-------- Records shown
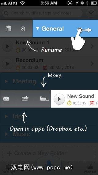 Recordium的设计很好,可以将您的录音标签和管理到现有的或自定义文件夹。当您将音频文件向右滑动时,它将显示用于将文件导出到其他支持应用程序的选项,包括Dropbox应用程序。您还可以通过电子邮件发送所选文件,重命名标题,将文件移动到所选文件夹或将其删除。
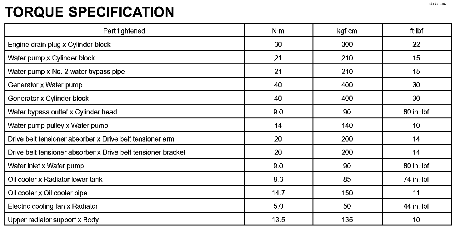 Cooling - Torque Specification:
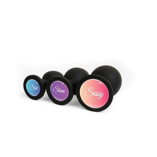 Анальна пробка з силікону чорного кольору з написом Slut OKOVA розмір L
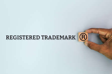 hand holding a wooden square with the letter R and the word REGISTERED TRADEMARK. the concept of a registered trademark.
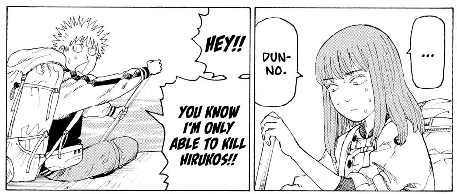 The adaptation so far is pretty strong, but I can't help but feel like the artstyle (and staging choices) sacrifices a lot of the manga's own's comedic elements. Ishiguro is great at funny faces, and it pains me to lose stuff like this in the raft scene It's clear they want to do more than just a panel-by-panel recreation or something like that, which is totally respectable, but there is just something so charming and endlessly amusing about Ishiguro's art that I don't think the anime is replicating. They were definitely channelling a lot of that manga energy into the confession scene, though. That was great, and it was even "anime original." More of that, please. |
----------------
▶ _What the task requires_: Apart from the pictures, every line above must be repeated exactly.

▶ _Result of this exercise_:
 Recordium的设计很好,可以将您的录音标签和管理到现有的或自定义文件夹。当您将音频文件向右滑动时,它将显示用于将文件导出到其他支持应用程序的选项,包括Dropbox应用程序。您还可以通过电子邮件发送所选文件,重命名标题,将文件移动到所选文件夹或将其删除。
 Cooling - Torque Specification:
 Анальна пробка з силікону чорного кольору з написом Slut OKOVA розмір L
 hand holding a wooden square with the letter R and the word REGISTERED TRADEMARK. the concept of a registered trademark.
 The adaptation so far is pretty strong, but I can't help but feel like the artstyle (and staging choices) sacrifices a lot of the manga's own's comedic elements. Ishiguro is great at funny faces, and it pains me to lose stuff like this in the raft scene It's clear they want to do more than just a panel-by-panel recreation or something like that, which is totally respectable, but there is just something so charming and endlessly amusing about Ishiguro's art that I don't think the anime is replicating. They were definitely channelling a lot of that manga energy into the confession scene, though. That was great, and it was even "anime original." More of that, please. |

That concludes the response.